Question

An instructor has given a short quiz consisting of two parts. For a randomly selected student, let X = the number of points earned on the first part and Y = the number of points earned on the second part. Suppose that the joint pmf of X and Yis given in the accompanying table.
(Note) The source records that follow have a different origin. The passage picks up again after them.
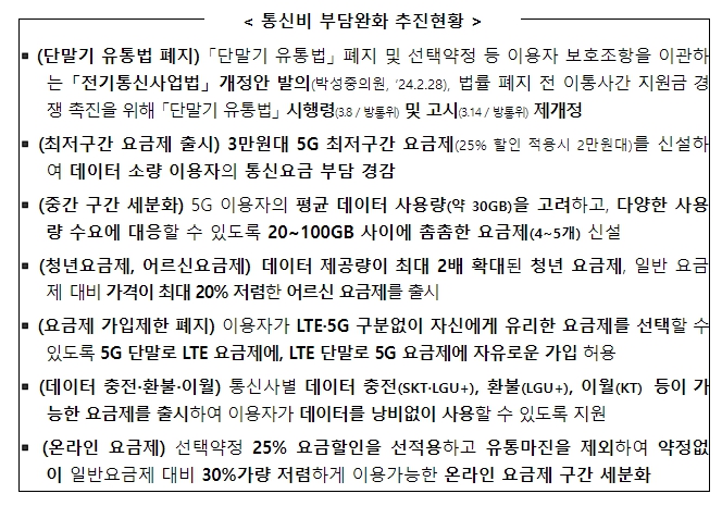 이와 더불어, 국민들의 통신 요금 부담을 완화하기 위해 통신사와 3만원대 5G 최저구간 요금제 출시에 대해서도 협의하고 있다. 그간 이용자가 자신의 이용패턴에 알맞은 요금제를 선택함으로써 통신 요금 부담이 낮아질 수 있도록 요금제 다양화를 적극 추진해온 결과, 5G 요금제 수가 대폭 늘어(’22.6월, 51종 → ’24.3월, 162종)나며 대다수 이용자가 자신에게 맞는 요금제로 이동하여 통신비 지출을 절감할 수 있게 됐다. 이어서 3만원대 5G 요금제 출시가 완료되면, 데이터를 적게 쓰는 이용자의 통신비 부담도 절감되며 통신비 부담 완화에 보다 크게 기여할 수 있을 것으로 보인다.
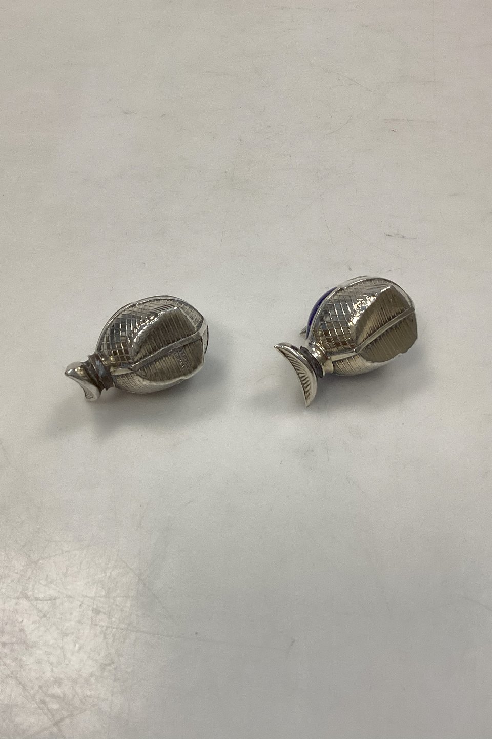 Norsk Sterling Sølv Salt & Peber Sæt rød og blå emalje fisk
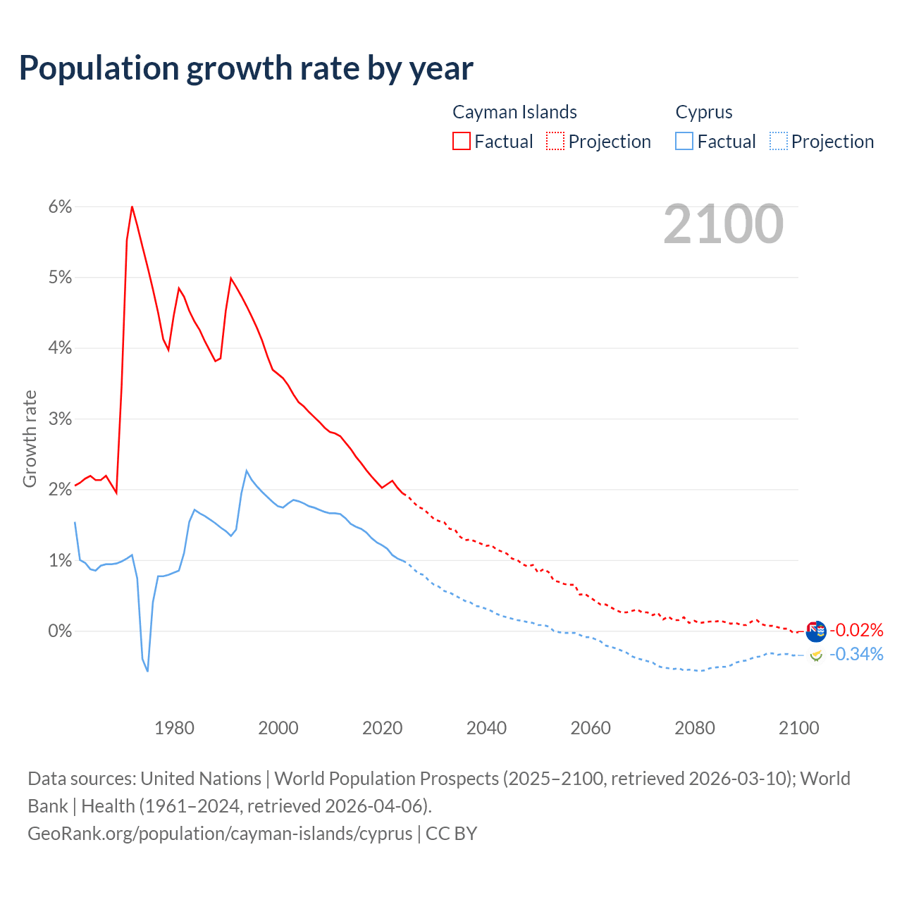 - For the last 10 years, the Cayman Islands has had an average growth rate of +2.19% per year vs +1.26% in Cyprus.

Х p(x,y) 0 5 10 15 0 0.03 0.06 0.02 0.10 5 0.04 0.13 0.20 0.10 10 0.01 0.15 0.15 0.01 (a) If the score recorded in the grade book is the total number of points earned on the two parts, what is the expected recorded score E(X + Y)? (Enter your answer to one decimal place.) (b) If the maximum of the two scores is recorded, what is the expected recorded score? (Enter your answer to two decimal places.) 6:59 PM

Answer 1

a) For each combination, we obtain the values of X + Y here. the expected value of X + Y is computed here as:

$E(X + Y) = \sum (x + y)P(X = x, Y = y)$

The computations here are made as:

p(x,y)	0	5	10	15
0	0.03	0.06	0.02	0.1
5	0.04	0.13	0.2	0.1
10	0.01	0.15	0.15	0.01
x + y	0	5	10	15
0	0	5	10	15
5	5	10	15	20
10	10	15	20	25
E(X + Y)	0	5	10	15
0	0	0.3	0.2	1.5
5	0.2	1.3	3	2
10	0.1	2.25	3	0.25

We add the values in the last table here to get the expected value as:

$E(X + Y) = \sum (x + y)P(X = x, Y = y) = 14.1$

therefore 14.1 is the required expected value here.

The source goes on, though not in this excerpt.